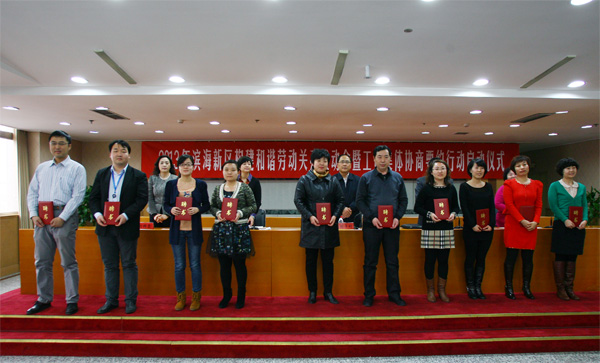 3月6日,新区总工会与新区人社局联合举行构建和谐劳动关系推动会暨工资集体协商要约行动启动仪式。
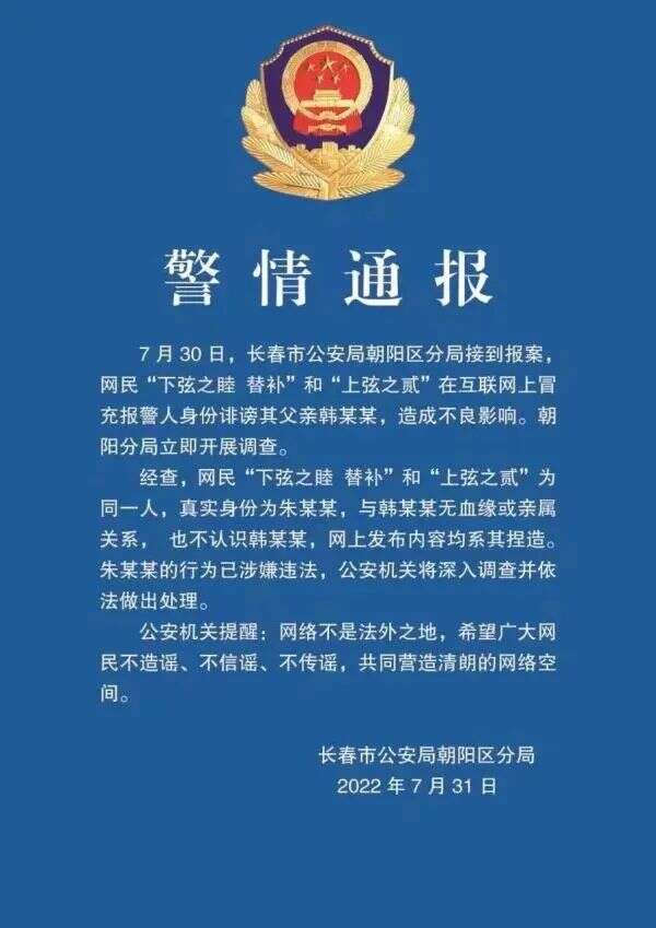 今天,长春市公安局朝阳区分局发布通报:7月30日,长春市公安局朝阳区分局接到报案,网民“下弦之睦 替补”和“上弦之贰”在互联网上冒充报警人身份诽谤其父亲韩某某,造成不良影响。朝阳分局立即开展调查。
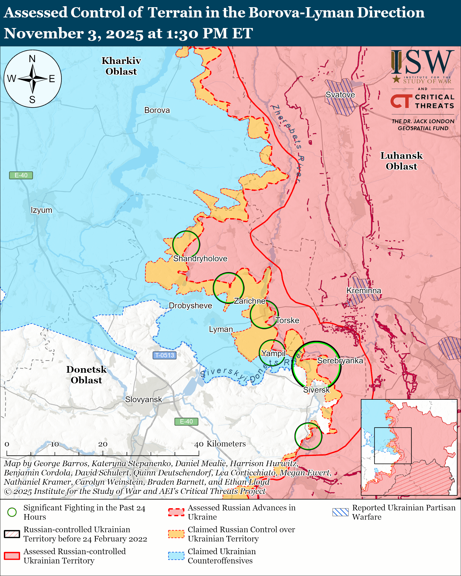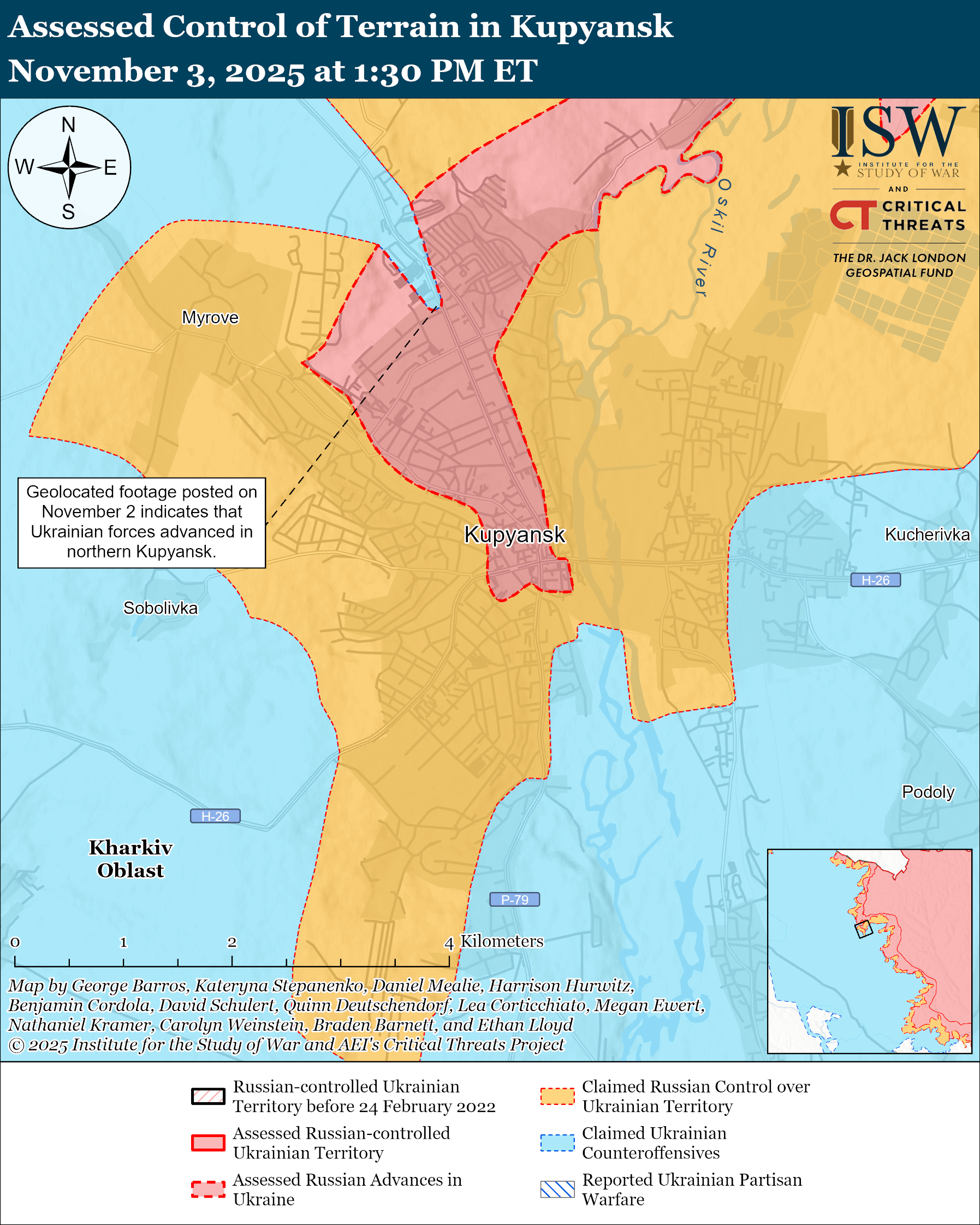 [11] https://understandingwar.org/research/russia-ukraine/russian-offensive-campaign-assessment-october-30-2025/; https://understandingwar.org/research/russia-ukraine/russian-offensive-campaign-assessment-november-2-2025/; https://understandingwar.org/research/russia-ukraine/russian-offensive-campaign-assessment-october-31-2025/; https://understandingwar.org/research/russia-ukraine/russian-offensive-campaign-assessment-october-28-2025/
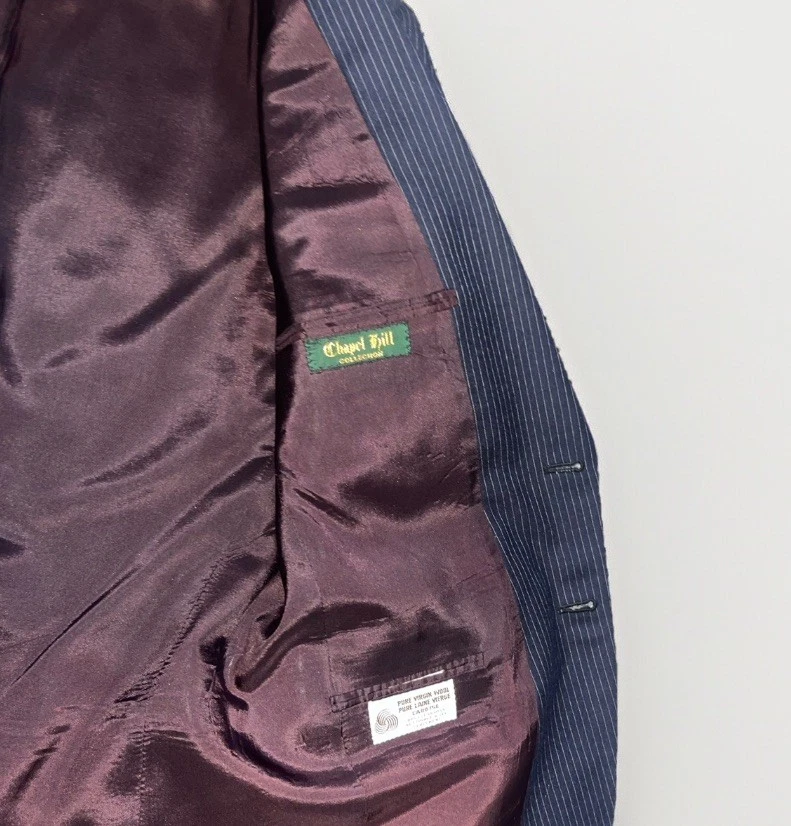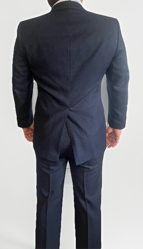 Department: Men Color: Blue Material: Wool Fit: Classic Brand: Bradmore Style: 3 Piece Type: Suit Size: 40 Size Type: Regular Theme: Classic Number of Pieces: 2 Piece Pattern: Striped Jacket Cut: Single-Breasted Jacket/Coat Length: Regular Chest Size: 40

++++++++

*Assigned task:* Word for word, give again the lines from the line holding "今天,长春市公安局朝阳区分局" through the last line of the material, both included; pictures are not part of the copy.

*Written response:*
 今天,长春市公安局朝阳区分局发布通报:7月30日,长春市公安局朝阳区分局接到报案,网民“下弦之睦 替补”和“上弦之贰”在互联网上冒充报警人身份诽谤其父亲韩某某,造成不良影响。朝阳分局立即开展调查。
 [11] https://understandingwar.org/research/russia-ukraine/russian-offensive-campaign-assessment-october-30-2025/; https://understandingwar.org/research/russia-ukraine/russian-offensive-campaign-assessment-november-2-2025/; https://understandingwar.org/research/russia-ukraine/russian-offensive-campaign-assessment-october-31-2025/; https://understandingwar.org/research/russia-ukraine/russian-offensive-campaign-assessment-october-28-2025/
 Department: Men Color: Blue Material: Wool Fit: Classic Brand: Bradmore Style: 3 Piece Type: Suit Size: 40 Size Type: Regular Theme: Classic Number of Pieces: 2 Piece Pattern: Striped Jacket Cut: Single-Breasted Jacket/Coat Length: Regular Chest Size: 40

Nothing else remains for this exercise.